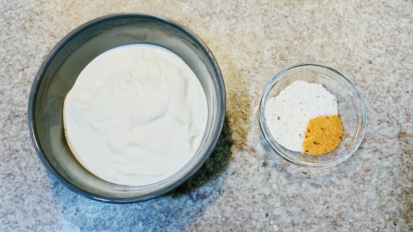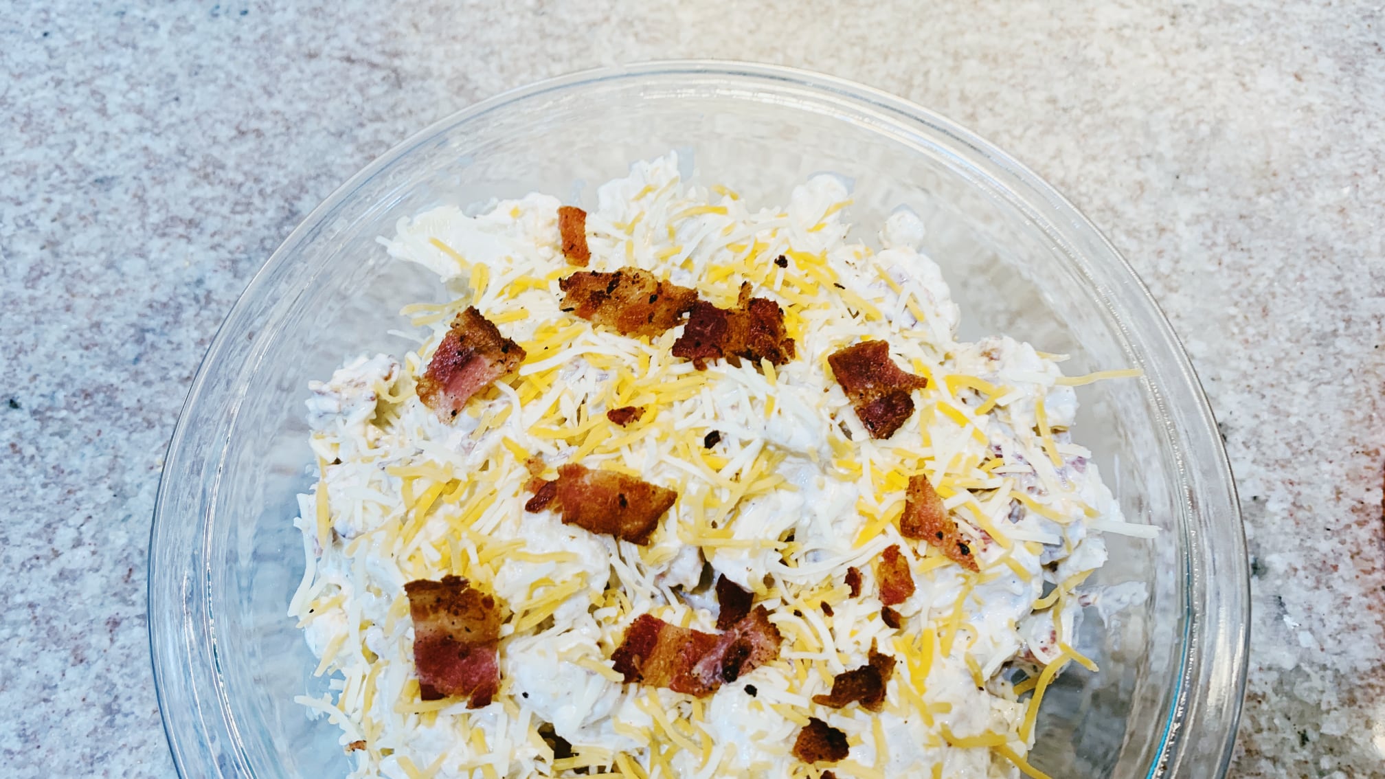 - In a large mixing bowl, mix together the sour cream, ranch powder and season salt. Chop the cooked bacon, and add it to the bowl along with the shredded cheese.
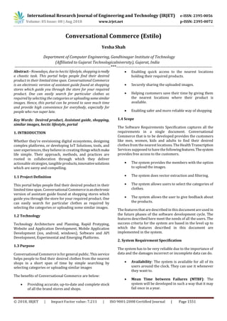 The document proposes a conversational commerce portal that helps users find desired products like clothes within a limited time span. It functions like an assistant at a shopping store, allowing users to search by category or upload similar images. The portal aims to save time for busy users. It describes the technology used, including image similarity algorithms, and outlines features like feedback. The implementation discusses tools like Eclipse, SQL Yog, and security measures. Future work includes expanding to more malls and allowing online payments.
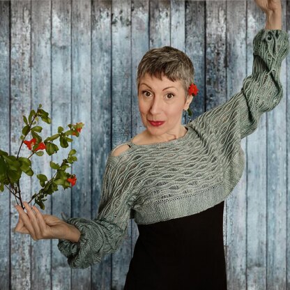 This kind of easy shrug is worked from side to side with no increases or decreases, creating large, dramatic sleeves. With the simple addition of drawstrings at the wrists, with i-cord to close them, it’s possible to choose how to wear the shrug: with the usual sleeves or with balloon sleeves. The piece is worked mainly in the round with a nice wavy open “lace” made with the simplest slipped stitches. Waves of Lightness is a very versatile piece and can be used over jeans as well as with an elegant dress.
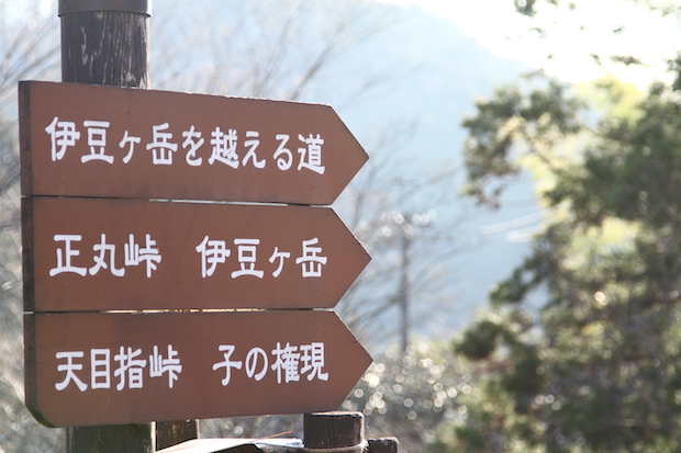 ここで少し休憩をした後、子ノ権現をめざして歩きはじめました。伊豆ヶ岳から子ノ権現までは古御岳、高畑山、中ノ沢ノ頭の3つのピークを登っては下る縦走路。低山ではあるのですが、歩きごたえのあるルートです。足腰の健康を祈るためにここでしっかり歩いておくのです。
* * * * * * *
Would you output the full listing exactly as it stands, minus the images?

### Written solution
 - In a large mixing bowl, mix together the sour cream, ranch powder and season salt. Chop the cooked bacon, and add it to the bowl along with the shredded cheese.
 The document proposes a conversational commerce portal that helps users find desired products like clothes within a limited time span. It functions like an assistant at a shopping store, allowing users to search by category or upload similar images. The portal aims to save time for busy users. It describes the technology used, including image similarity algorithms, and outlines features like feedback. The implementation discusses tools like Eclipse, SQL Yog, and security measures. Future work includes expanding to more malls and allowing online payments.
 This kind of easy shrug is worked from side to side with no increases or decreases, creating large, dramatic sleeves. With the simple addition of drawstrings at the wrists, with i-cord to close them, it’s possible to choose how to wear the shrug: with the usual sleeves or with balloon sleeves. The piece is worked mainly in the round with a nice wavy open “lace” made with the simplest slipped stitches. Waves of Lightness is a very versatile piece and can be used over jeans as well as with an elegant dress.
 ここで少し休憩をした後、子ノ権現をめざして歩きはじめました。伊豆ヶ岳から子ノ権現までは古御岳、高畑山、中ノ沢ノ頭の3つのピークを登っては下る縦走路。低山ではあるのですが、歩きごたえのあるルートです。足腰の健康を祈るためにここでしっかり歩いておくのです。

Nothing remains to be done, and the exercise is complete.